Introduction
「東野圭吾シアター」とは東野圭吾の小説を連続で舞台化していく企画公演シリーズです。第一弾は『祈りの幕が下りる時』を舞台化。第二弾となる今回は、全世界で累計1,300万部突破のベストセラー、東野圭吾史上、最も泣ける感動作といわれている『ナミヤ雑貨店の奇蹟』を上演いたします。
本作は、過去と現在が手紙を通じて交錯する、心温まるタイムトラベル・ファンタジーで、これまでに舞台化、ミュージカル化、そして2017年には映画化もされました。東野圭吾最大のヒット作として、脚本・演出には2013年・2016年・2022年それぞれの上演時にも脚本・演出を担い、繊細な人間ドラマの描写に定評のある成井豊を迎えました。

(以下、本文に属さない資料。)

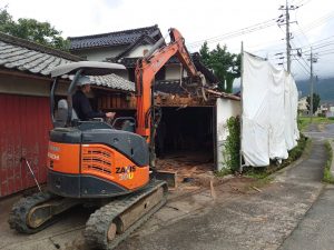 納屋はリノベーションではなく、解体ですので油圧ショベルを使い早く進みますが、母屋はリノベーションですので、柱など傷を付けないよう、人の手で解体していきます。
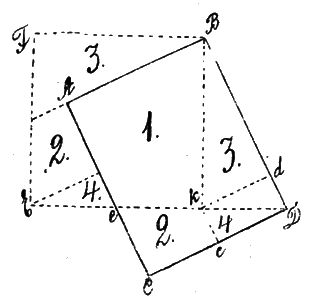 Так как в данном прямоугольнике стороны АВ и CD относятся к сторонам АС и BD, как 4 к 5, то, разделив сторону CD на 2 равных части, а сторону BD – на 5 равных частей, из точек с и d восставляем перпендикуляры до пересечения их в точке К. Далее тремя (минимум) разрезами по прямым линиям eD, Bk и ck делим прямоугольник на 4 части (АВке, Сеkс, BDk и ckD), из которых и складываем квадрат EFBk, что ясно видно из чертежа.

物語の中心となる3人の青年たちには、敦也役にスーパー戦隊シリーズ『爆上戦隊ブンブンジャー』にて鳴田射士郎 /ブンブルー役で注目を集めるほか、ドラマ・映画・広告など活躍の場を広げている若手俳優・葉山侑樹、翔太役には土屋太鳳の弟としても知られ、『機動戦士Gundam GQuuuuuuX』をはじめ、話題作でメインキャラクターに抜擢されるなど目覚ましい活躍を見せる声優活動のほか、舞台作品にも多くの出演経験を持つ土屋神葉、幸平役には17歳でダンスの世界チャンピオンになった経歴を持ち、中国のボーイズグループ「INT01」としても活躍、Weibo登録者数400万人を誇り世界的な活躍を続けるSANTAが演じます。さらに、物語の鍵を握る女性・セリ役に日向坂46で活躍し、卒業後初舞台出演となる濱岸ひより、雑貨店の店主の息子・浪矢貴之役にこれまで上演された舞台版にも出演してきた演劇集団「キャラメルボックス」の看板俳優である多田直人、そして雑貨店の店主・浪矢雄治役には「相棒」シリーズをはじめ、ドラマやバラエティで活躍するベテラン俳優の神保悟志を迎え、多彩なキャストが顔を揃えました。成井豊が描き出すナミヤ雑貨店を舞台に、実力派揃いのキャストたちが奇跡の物語を紡ぎます。
Message
『ナミヤ雑貨店の奇蹟』は日本が誇るミステリ作家・東野圭吾さんの代表作の一つで、2011年に角川書店の月刊誌「小説野性時代」に発表され、翌年出版された単行本はベストセラーになりました。
私・成井豊は2013年に演劇集団キャラメルボックスで同作を舞台化。その後、2016年と2022年に再演しました。また、私が書いた脚本はソウルと香港で地元の劇団によって上演されました。私はソウル版を見に行きましたが、非常に質の高い舞台で、大いに刺激を受けました。
そして、今回は4回目。過去の上演とは全く違う新しいキャストで、この名作に挑みます。経験豊富な神保悟志さんを雑貨店の店主に迎え、葉山侑樹さんを初めとする若くて実力のあるキャストとによって、この名作がどんなふうに生まれ変わるか、今からとても楽しみです。きっと素敵な奇蹟が起こると信じています。皆様のご来場を心からお待ちしています。